Sim, pois há de se ter muita paciência com os que administram o nosso mercado de trabalho, com os que ofertam vagas de empregos e ou estágios onde temos que fazer algo mais que lhe dar somente com artes cênicas. Não quero aqui puxar um discurso partidário, e ou político, mas quero refletir uma realidade que aprendi a sobrevier com ela, à realidade de fazer arte em um estado onde nem as prioridades são priorizadas, então como dignificar uma profissão onde sequer o Banco Real nos aceita como profissão reconhecida que me seja dado um crédito para abrir uma conta universitária?
Como dignificar?
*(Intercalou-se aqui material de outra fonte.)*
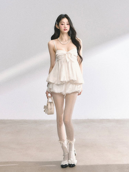 Set aus rosa/hellblauen Shorts mit Schleife hinten, Matrosenkragen, selbstbindendem Minikleid + gerüschtem hellem Saum, Jirai Kei
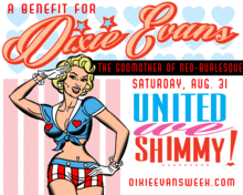 Dixie Evans, the "Marilyn Monroe of Burlesque", is the beloved Godmother of the new burlesque movement. During her birth week (August 26th through September 1st), performers and burlesque instructors from all over the world are hosting events, shows and classes to raise money for this burlesque legend and founder of The Miss Exotic World Pageant.

Como?
Há uns dias atrás na turma de iniciação a estética da arte onde estou pagando uma disciplina em atraso, ocorreu um fato que eu não acreditei no que vi: uma universidade particular precisava de atores para um evento e quando perguntei quanto seria o cachê a resposta não me surpreendeu, não teria sequer ajuda de custo, mas o que me assustou foi o conformismo com que uma recém aluna de um curso superior em Artes Cênicas, disse aos colegas que teatro é assim mesmo, não tem pagamento, com um ar conformista e submisso que me revoltou e me fez discursar a favor de mim pelo menos, tive que dizer o óbvio que do dia da matrícula em diante nós já caminhávamos por um profissionalismo e que isso seria um impulso para mudar essa herança de que teatro não tem dinheiro e que qualquer participação de um ator, não mereça ser remunerada, saí da sala sem acreditar no que vi e muito revoltado em pensar que ainda tem artista que pensa assim, tão alternativamente, teatro é arte, mas também é vida e digo vida quando tentamos viver dela, para ela e por ela, mas sem esquecer que como todos, comemos, bebemos, pagamos contas e que para isso precisamos nos levar mais a sério, nos respeitar para que nos respeitem reclamar sim, reivindicar sim, protestar sim, chega dessa submissão elisabetana, sem essa de pão e circo, sem essas de ouvir aquela frase: Ah só podia ser o povo do teatro mesmo!
Não, pode ser o povo do circo da dança da arte de um modo geral, somos profissionais limpos, livres de maracutaias e de jogatinas políticas, a bem da verdade somos vítimas dessas manipulações.
Assim como todas as profissões somos importantes, somos mantenedores de um bem inatingível por qualquer crise ou intempérie, somos os que levamos um bem imaterial, a cultura adiante, aos quintais, as praças, as escolas e sobre tudo aos corações de quem nos vêem.
Sejamos representados por nossas vozes, nossas mãos, pés e olhos vivos, que notificam a vida que passa logo ali nas ribaltas, vamos tocar a frente com nossos vigorosos passos, o nosso processo, essa não é a formatura, será mais uma das formaturas que teremos na nossa vida de artista. Não temos que provar para ninguém o quanto somos, pois assim já sabemos e seremos sempre e sempre mais.